The driver of the taxicab and three of the other passengers testified that the taxicab was traveling at about twenty to twenty-five miles an hour and that the Pontiac ran upon the taxicab without stopping at the sign and at about forty-five to fifty miles an hour and struck the taxicab, knocked it around and both skidded to the east side of and down Ferry Street.
There is no complaint made as to the amount of the verdict, but only that the negligence of the driver of the Pontiac was the sole proximate cause of the collision without negligence on the part of the driver of the taxicab proximately contributing to it.
Of course it is recognized that if negligence of the driver of the taxicab proximately contributed to the accident appellant would be liable, although negligence on the part of the driver of the Pontiac also proximately contributed to it. — Chambers v. Cox,
But it is insisted that the physical facts show that the version of the driver of the Pontiac cannot be true. This because if he stopped near the "stop" sign he could see up Ferry Street to the top of the hill, some two hundred and sixty-four feet, with no obstructions, and if he had looked he would have seen the headlights of the taxicab coming, which he says he did not see though he looked. That if the taxicab had been traveling at fifty miles an hour and had hit the Pontiac, the impact would have turned the latter around toward the west side of Ferry Street and not the east side.
We think the jury could very well find as more consistent with the result that both were traveling rapidly. If the taxicab was traveling slowly and the Pontiac rapidly, the tendency would be to shove the taxicab around more nearly in the center of Cain Street where the collision occurred without them both proceeding as far as they did south on Ferry Street and stopping further south of the point of collision. The jury by their experience and observation might have found that the rapid speed of the taxicab in contact with the rapid speed of the Pontiac caused them to skid in a diagonal line and in a more southerly direction than if the taxicab had been traveling slowly. It is sometimes difficult *325 to reproduce in the imagination an accident by observing the results of it.

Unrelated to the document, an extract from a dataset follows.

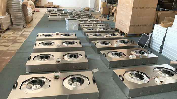 什么是無塵送風機組FFU?無塵送風機機組FFU系列產品主要用途是凈化送入潔凈區的空氣,以達到潔凈環境的要求。無塵送風機組FFU它安裝于潔凈區或工作區天花龍骨(T-Grid)上或設備機臺上,用途較廣,其實有些地區也把無塵送風機組叫做FFU。無塵送風機組主要應用于半導體、液晶顯示、光電電子、精密儀器、化學、生物醫藥、醫院、食品、研究院所、高校、航天、汽車、涂裝、印刷等領域。

Sometimes they produce results which experience teaches are so unusual as not to be believable. But when juries and courts weigh conflicting evidence, the probabilities are important considerations. If the jury reached the conclusion that both cars were traveling at say fifty miles an hour, we would not be disposed to hold that such conclusion was contrary to the great weight of the evidence. On the other hand, we think the physical facts support that as the most probable conclusion as to how the accident occurred. Having reached that conclusion, the jury could find that the Pontiac did not stop at the sign and that its driver was negligent.

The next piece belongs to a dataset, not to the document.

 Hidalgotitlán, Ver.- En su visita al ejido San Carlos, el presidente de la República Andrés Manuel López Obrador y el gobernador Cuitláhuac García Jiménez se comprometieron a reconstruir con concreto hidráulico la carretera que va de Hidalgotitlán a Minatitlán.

But the taxicab, a public carrier, owed a high degree of care to its passengers. Capital Motor Lines v. Gillette,
We think the jury could find that traveling at such a speed as fifty miles an hour by the taxicab at the place and on the occasion was not an exercise of the care which the taxicab driver owed the passengers, and that if such was the speed it was a proximate contributing cause of the collision and injury to plaintiff.

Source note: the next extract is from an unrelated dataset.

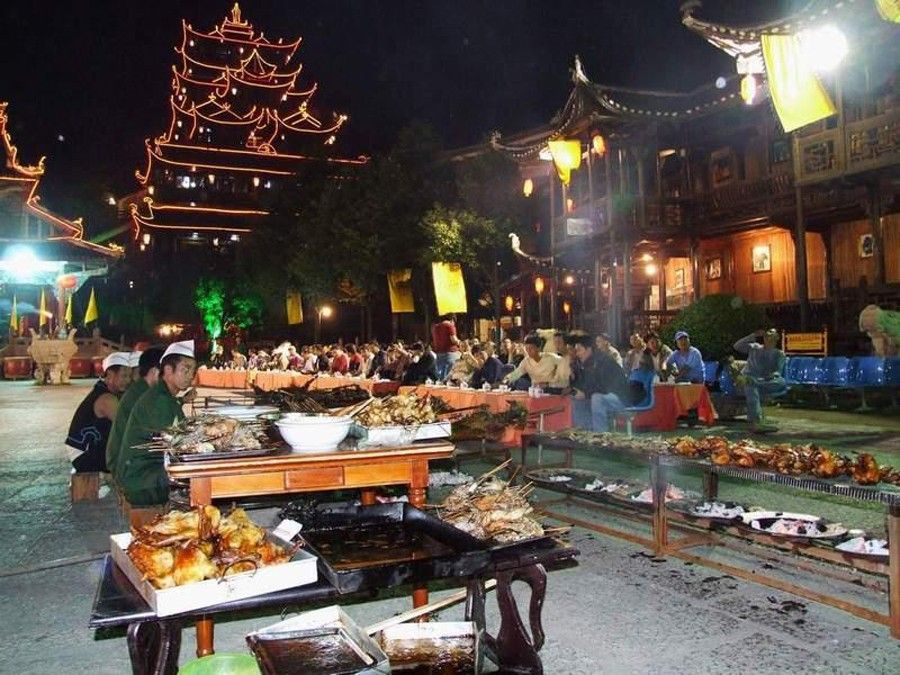 進入土司城,首先看到土司城迎賓儀式,土家漢子迎賓鼓,吹牛角、放沖,土家姑娘攔門歌,敬攔門酒,進入城內(nèi),在祭祀堂前舉行百人土家大祭祖活動,男女老少唱擺手歌、跳擺手舞,登世界最高的吊腳樓九重天,參觀土家族千百年來文化展示。到土家山寨,聽土家歌,賞土家族最有代表風俗哭嫁,三棒鼓,花燈等民俗表演。

This case does not come within the principle of Roberts v. Louisville Nashville R. Co.,
The foregoing discussion leads us to the conclusion that appellant was not entitled to the affirmative charge nor to have a new trial on the ground that the verdict was contrary to the great weight of the evidence. The judgment therefore must be affirmed.
Affirmed.
BROWN, LIVINGSTON, LAWSON, SIMPSON and STAKELY, JJ., concur.